I won't lie, your hair will be weird for a while. Do what you can


It helps a lot to get good haircuts on a regular basis. Find a stylist you like.


OR- ugh it's really not the cut just the extreme postpartum hair loss and weird regrowth. Back to back pregnancies, half my hair is like four inches long and frizzy curly, the rest is long and straight. I wear a lot of headbands!


I went pixie. It’s such a relief to not worry about hair.
Anonymous
Anonymous wrote:Totally agree that a good bra is a GAME CHANGER. Your body will be different. Even when I was my pre-pregnancy size again, my shape was different so lots of the clothes I owned looked bad, I needed a different cut of jeans, etc. High waist compression leggings are life. So are spanx.

This might sound weird but I look "like a mom" now and I always thought my mom was absultely beautiful and smelled so nice. I loved watching her get ready to go on dates with my dad, smelling her perfume, her skin was so soft when she hugged me. I tell myself no matter what my perception of myself is, my daughter will have similar memories with me and it lifts me up. My husband also genuinely finds me attractive still which helps.

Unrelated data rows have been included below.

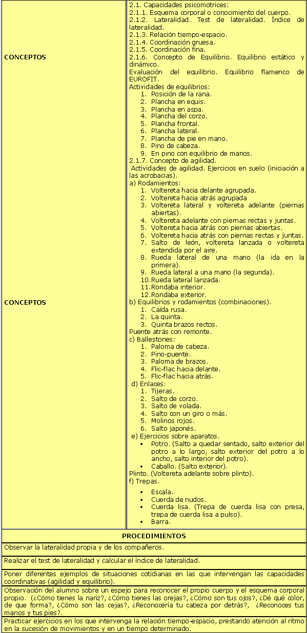 A continuación se presenta una sencilla secuenciación de contenidos, adaptada del libro de texto de Martínez de Haro (2004), correspondientes al bloque de Habilidades Específicas. Hemos preferido estructurar varias unidades didácticas, esquematizando los aspectos más relevantes, de forma que el profesorado pueda profundizar en los contenidos que desee. Igualmente se ha considerado prioritario facilitar al docente la elaboración de un cuadro de seguimiento; sobre todo, teniendo en cuenta la tendencia actual de programar cada paso del proceso educativo, así como su posterior comprobación, debiendo reflejar por escrito las incidencias ocurridas en el transcurso de cada clase. Este proceso se hace más exigente cada vez, no en vano ya han comenzado algunos centros a perfeccionar su proceso educativo con objetivo de obtener el sello de control de calidad educativa por empresas cualificadas como AENOR.
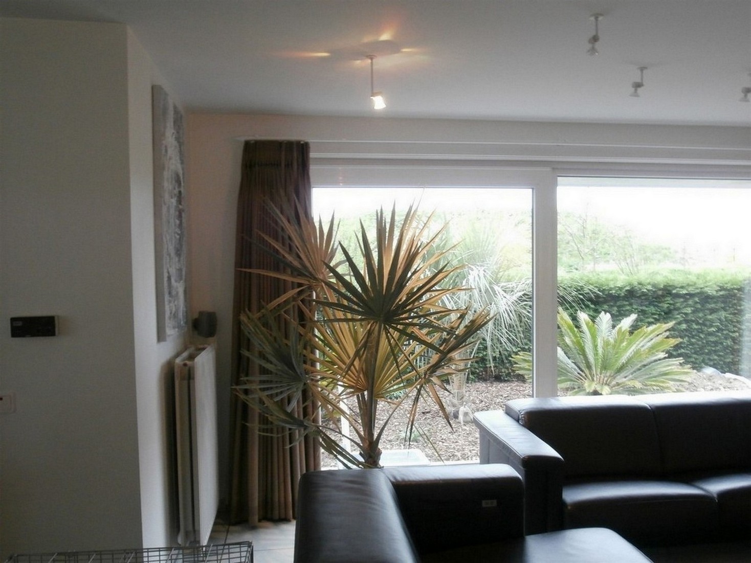Prachtige palm op een prachtige plek! binnen overwinteren is echt veel beter en goed te doen voor zo'n licht raam!
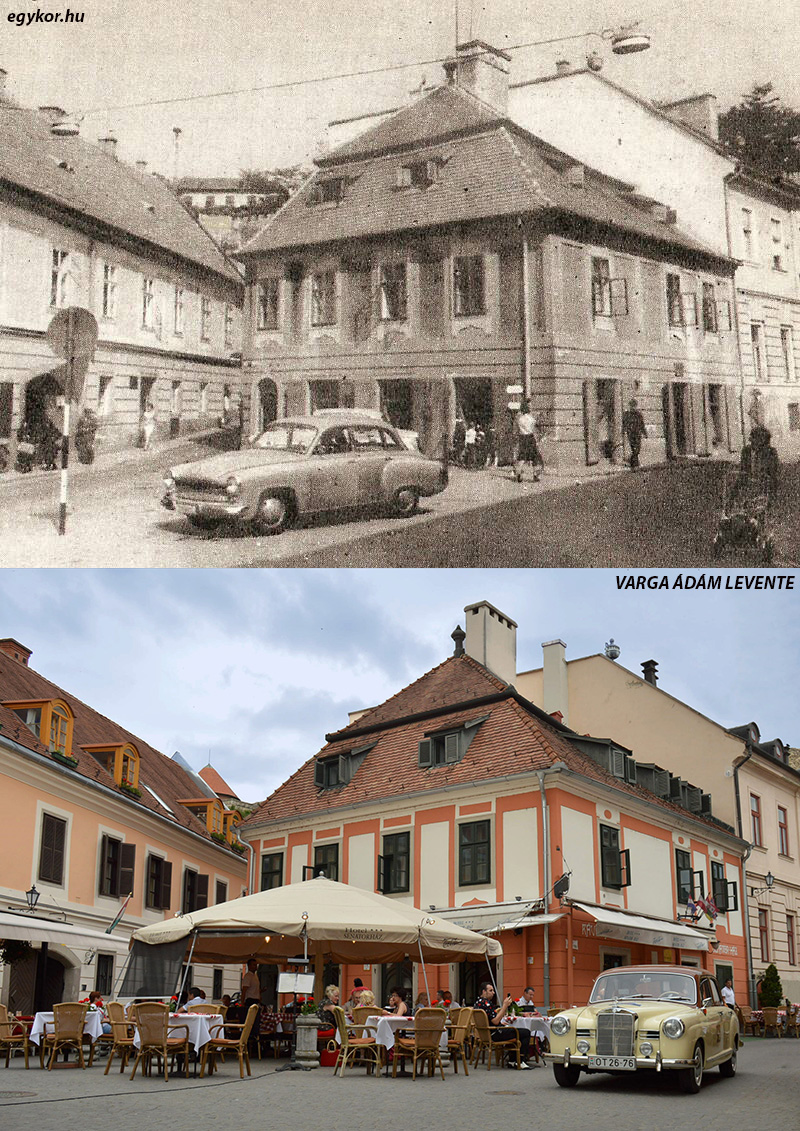 Utcakép a Senator házzal a Kis-Dobó tér felől nézve. A két kép között nagyjából fél évszázad telt el. A régi képen egy „Púpos” Wartburg (Wartburg 312), az új képen egy gyönyörű állapotú Ponton Mercedes látható. Külön érdekesség, hogy az új képen a Mercedes régebbi gyártású, mint a régi képen a Wartburg. A Mercedes egyébként a X. Mercedes-Benz Classic Csillagtúra alkalmával járt Egerben 2017 májusában.
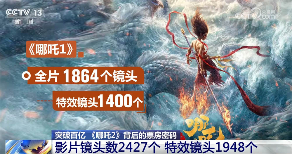 據(jù)電影主創(chuàng)團(tuán)隊(duì)提供的數(shù)據(jù):《哪吒1》,也就是《哪吒之魔童降世》全片1864個(gè)鏡頭,特效鏡頭1400個(gè);而《哪吒2》,鏡頭數(shù)達(dá)到2427個(gè),其中特效鏡頭1948個(gè)。影片中的每一個(gè)特效鏡頭、每一幀畫(huà)面都是138家動(dòng)畫(huà)公司、4000多名動(dòng)畫(huà)人的合力托舉。
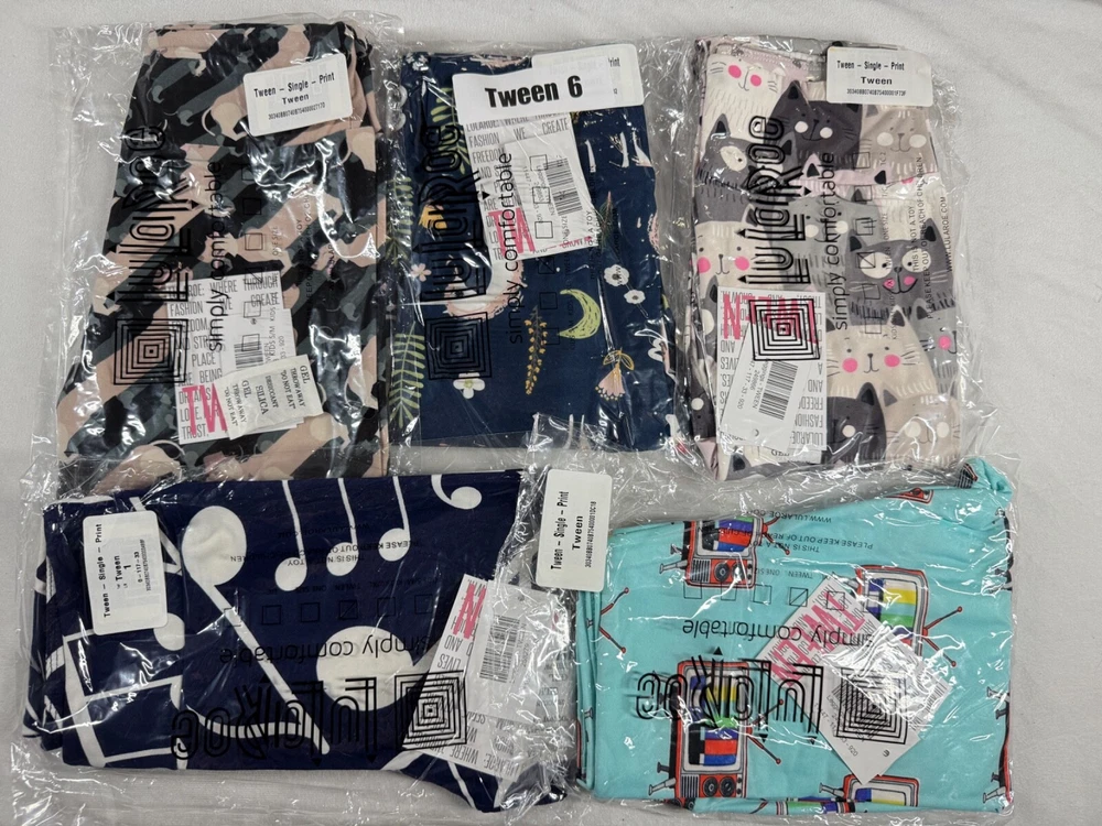 New in Bag With Tag 5 Pair of Tween LuLaRoe Leggings Tween fits Kids Size 00-0 I will combine shipping on your items as long as its with 48hrs of your 1st item ending. Anything after 48hs will be a separate invoice. After 4 days of non payment your item will be Canceled
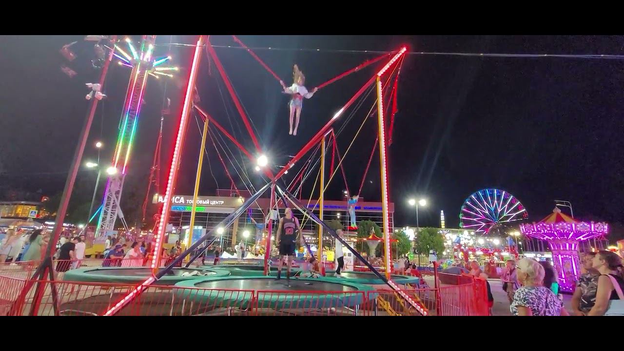 В Анапе очень много аттракционов для детей разного возраста. И все они разбросаны. На видео засняты только несколько, находящихся рядом .Большой популярностью пользуется прыжки на батуте .К нему нет очереди только днем .
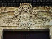 - Portada central o del Obispo: obra del siglo XVIII con decoración muy profusa en su dintel, que utilizaba el obispo para salir del palacio a pie.
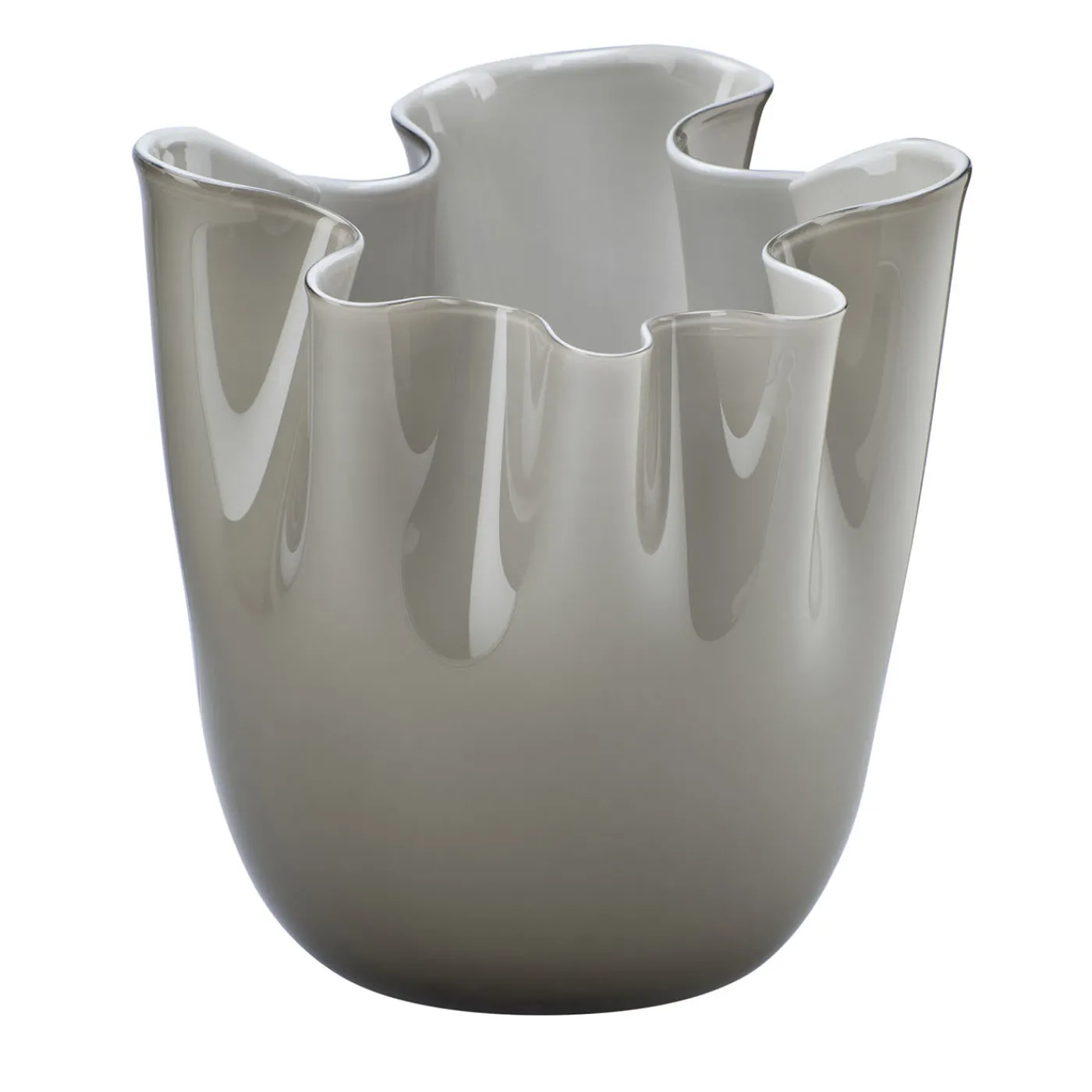 Disegnato da Paolo Venini e Fulvio Bianconi alla fine degli anni Quaranta, questo vaso firmato Fazzoletto si ispira ai fazzoletti di pizzo veneziano che sventolano nella brezza. Con una silhouette smerlata in un elegante color tortora, questo straordinario oggetto d’arte è interamente lavorato a caldo con la tecnica della “mano volante” eseguita a mano libera dai maestri vetrai. Un complemento sofisticato per una sala da pranzo o un salotto chic.

I would pin this post if I could. Practical (good bras!) but so emotionally perfect. I still think my elderly mom is beautiful and soft. Hope I know you, PP!
Anonymous
I know this is less effective if you have to spell this out for your husband but for me it was him. Around 4 weeks or so he just would not be able to keep his hands off me And sex was SUPER enthusiastic...he was just so so so into me. He always is but postpartum there was always a crazy spike in passion. He basically talked me into being happy with my body, or sexed me back into being happy with my body, or at least accepting of haha
Anonymous
Anonymous wrote:I know this is less effective if you have to spell this out for your husband but for me it was him. Around 4 weeks or so he just would not be able to keep his hands off me And sex was SUPER enthusiastic...he was just so so so into me. He always is but postpartum there was always a crazy spike in passion. He basically talked me into being happy with my body, or sexed me back into being happy with my body, or at least accepting of haha


This sounds wonderful! Congrats!
Anonymous
you won't turn into a hideous troll just because you have a baby! I've had two, and I got back to my pre-pregnancy weight and body after each. Don't really remember how long it took -- probably 6-8 months. I breast fed both for a year and the weight came off very fast. I was also good about doing Pilates (but not really any other exercise). My hair and skin were the same afterward and my clothes fit pretty much the same. Don't think about it too much--just concentrate on doing what you need to do to get through your pregnancy and the baby stage, and things will eventually come together.
Anonymous
I am 3 months postpartum and social distancing and I just took some time last weekend to paint my nails, put on a mask, olaplex. I felt so much better afterwards!